The Coffee Tree as Pictured by La Roque in His "Voyage de l'Arabie Heureuse"

The age-old controversy was on. Some sided with the physicians, others opposed them, as at Mecca, Cairo, and Constantinople; only here the argument turned mainly on the medicinal question, the Church this time having no part in the dispute. "The lovers of coffee used the physicians very ill when they met together, and the physicians on their side threatened the coffee drinkers with all sorts of diseases."

A CLOSE-UP OF RIPE COFFEE BERRIES

Matters came to a head in 1679, when an ingenious attempt by the physicians of Marseilles to discredit coffee took the form of having a young student, about to be admitted to the College of Physicians, dispute before the magistrate in the town hall, a question proposed by two physicians of the Faculty of Aix, as to whether coffee was or was not prejudicial to the inhabitants of Marseilles.

The thesis recited that coffee had won the approval of all nations, had almost wholly put down the use of wine, although it was not to be compared even with the lees of that excellent beverage; that it was a vile and worthless foreign novelty; that its claim to be a remedy against distempers was ridiculous, because it was not a bean but the fruit of a tree discovered by goats and camels; that it was hot and not cold, as alleged; that it burned up the blood, and so induced palsies, impotence, and leanness; "from all of which we must necessarily conclude that coffee is hurtful to the greater part of the inhabitants of Marseilles."

Thus did the good doctors of the Faculty of Aix set forth their prejudices, and this was their final decision upon coffee.
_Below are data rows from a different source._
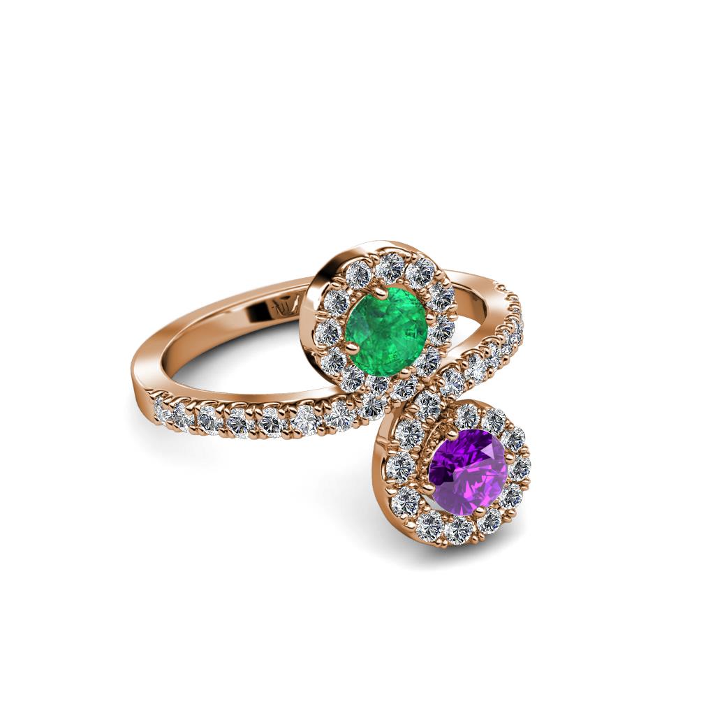 Amethyst and Emerald 2 Stone with Side Diamonds Womens Bypass Engagement Ring 1.23 ctw 14K Rose Gold More Details ...
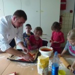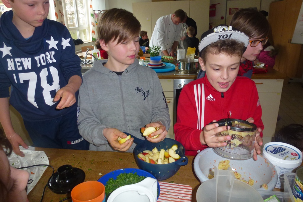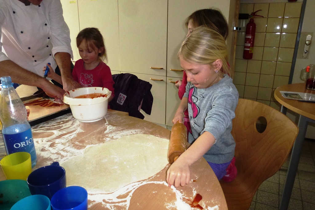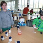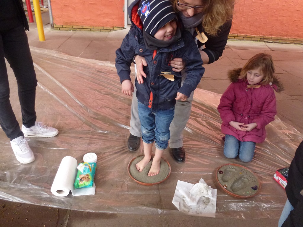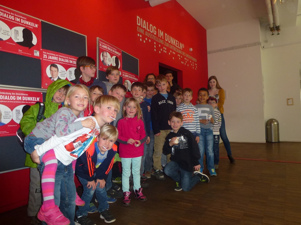 „Das Spielen mit Wasser erfreut jedes Kinderherz. Doch in diesen Tagen hat die Sache, zumindest im Freien, einen Nachteil: Das Wasser ist bitterkalt. „Trotzdem bin ich eine halbe Stunde dringeblieben“, sagt die sechsjährige Emilia und nimmt es dabei mit der Zeit wohl nicht ganz genau. Sie meint auch ihre Füße und nicht den gesamten Körper. Das kleine Wasserbassin, von dem sie spricht, stand am Ende des „Barfußpfades“, der im Hof der Schule Kirchgarten aufgebaut war. Der Pfad war Bestandteil des „Osterferien-Special“, das die städtische Kinder- und Jugendförderung (KiJuFö) anbot. Für das Motto „Mit allen Sinnen“ meldeten sich 20 Kinder im Alter von fünf bis zwölf Jahren an, um drei Tage lang von 9 bis 15 Uhr ihre Sinne zu schärfen. Höhepunkt war eine Fahrt ins Dialogmuseum nach Frankfurt. In dieser Einrichtung, die auch als Blindenmuseum bezeichnet wird, führen Personen ohne Augenlicht die Besucher durch lichtlose Räume, in denen Alltagssituationen warten. Der künstlich herbeigeführte Verlust der gewohnten Sehkraft führt dabei zu beeindruckenden Erfahrungen, die die verbliebenen Sinne in den Mittelpunkt rücken.
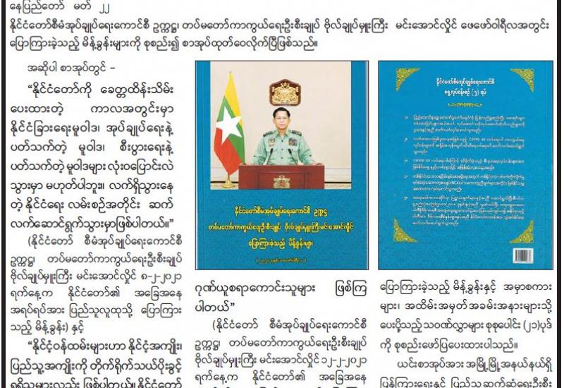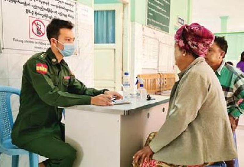 တိုင်းဒေသကြီးနှင့်ပြည်နယ်များရှိ တိုင်းရင်းသား ပြည်သူများအတွက် တပ်မတော်ဆေးရုံများ နှင့် ယာယီကုသရေးဆေးရုံများ တွင် ကျန်းမာရေးစောင့်ရှောက်မှု များကို ဆောင်ရွက်ပေးလျက်ရှိရာ ဖေဖော်ဝါရီ၅ ရက်မှ ယနေ့အထိ ပြင်ပလူနာ ၈၆၇၅ဝ ဦး၊ အတွင်း လူနာ ၄၁၉၃ ဦးကို တပ်မတော်မှ ပါရဂူများ၊ ဆေးမှူးများ၊ သူနာပြု များဖြင့် ကျန်းမာရေး စစ်ဆေးပေး ခြင်း၊ ခွဲစိတ်ရန် လိုအပ်သည့်လူနာ များအား ခွဲစိတ်ပေးခြင်း၊ ဆေးရုံ တက်ရောက်ကုသရန် လိုအပ်သော လူနာများကို ဆေးရုံတင်ကာ ကျန်းမာရေးစောင့်ရှောက် ပေးခြင်းများဆောင်ရွက်ပေးသည့် အပြင် ဆေးရုံတက်လူနာများနှင့် လူနာစောင့်များ နေထိုင် စားသောက်ရေး အဆင်ပြေစေရန် အတွက်ကိုပါ စီမံဆောင်ရွက် ပေးသည်။ (ယာပုံ)
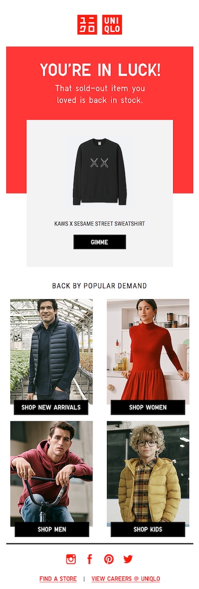 Uniqlo coloca el artículo reabastecido en la parte superior de la alerta de reabastecimiento con una divertida llamada a la acción "dame". Debajo de la CTA principal hay opciones para buscar otros artículos recién reabastecidos por categoría si al suscriptor ya no le importa la pieza inicial.
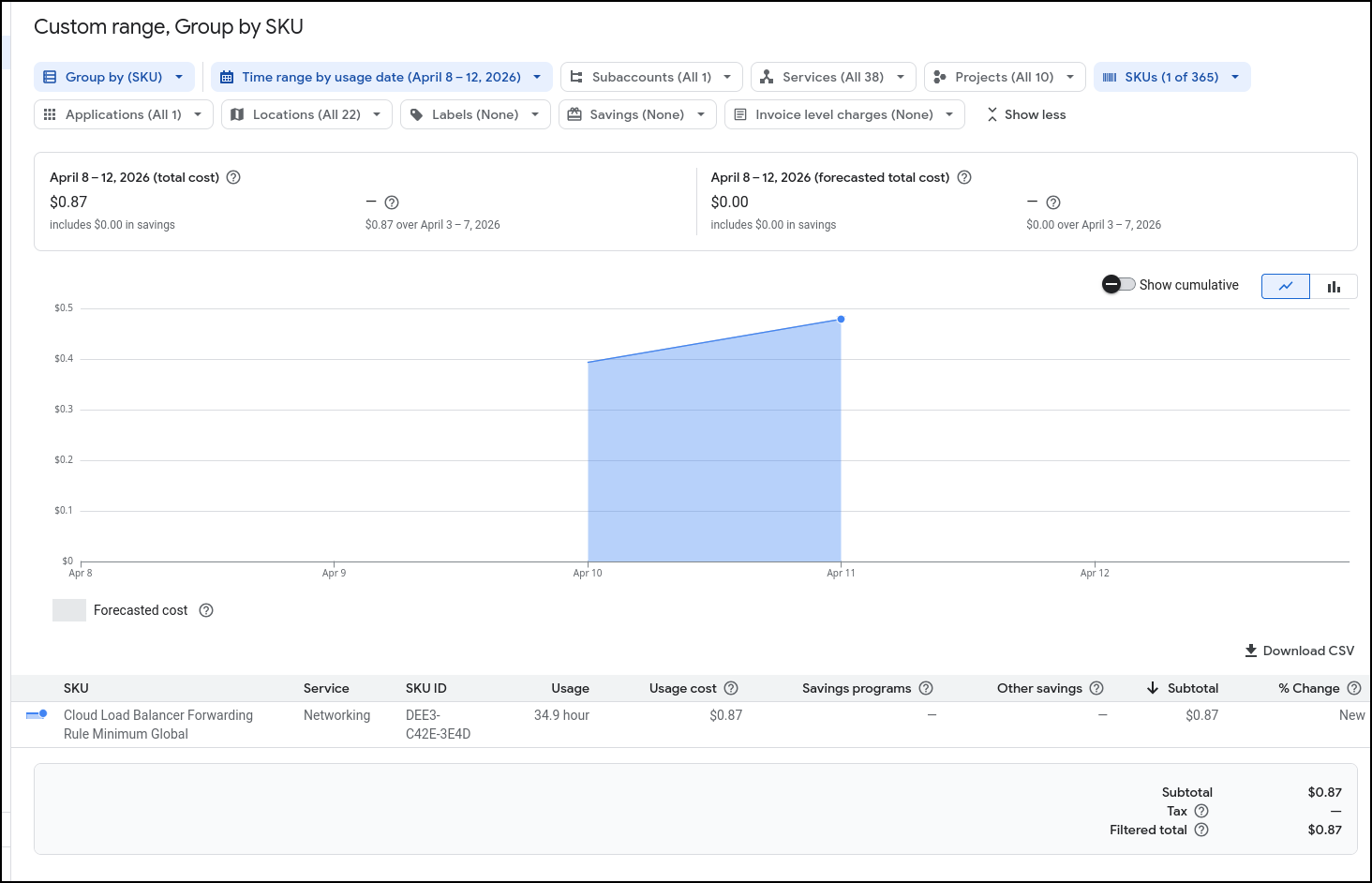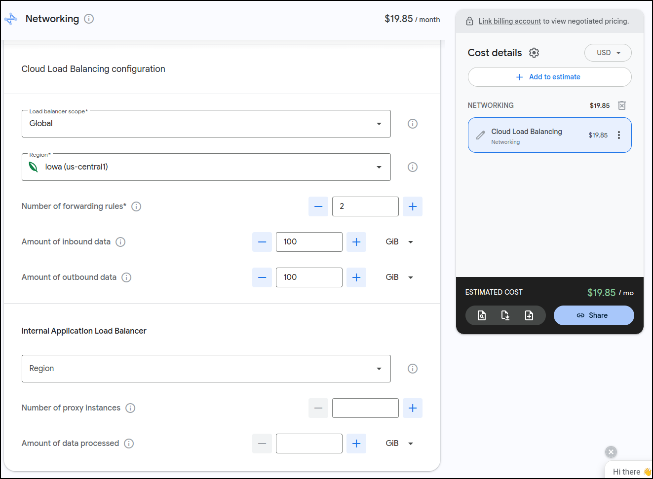 I let it sit for a few days and came back and saw it might even be less than I thought. i have 3 Load Balancers presently (1 test, 2 for production with one being a redirect) and it looks to me like it might be closer to $15 for the month than $20

Many thought they overreached themselves in their misguided zeal. They were handled somewhat roughly in the disputation, which disclosed many false reasonings, to say nothing of blunders as to matters of fact. The world had already advanced too far to have another decision against coffee count for much, and this latest effort to stop its onward march was of even less force than the diatribes of the Mohammedan priests. The coffee houses continued to be as much frequented as before, and the people drank no less coffee in their homes. Indeed, the indictment proved a boomerang, for consumption received such an impetus that the merchants of Lyons and Marseilles, for the first time in history, began to import green coffee from the Levant by the ship-load in order to meet the increased demand.

Meanwhile, in 1669, Soliman Aga, the Turkish ambassador from Mohammed IV to the court of Louis XIV, had arrived in Paris. He brought with him a considerable quantity of coffee, and introduced the coffee drink, made in Turkish style, to the French capital.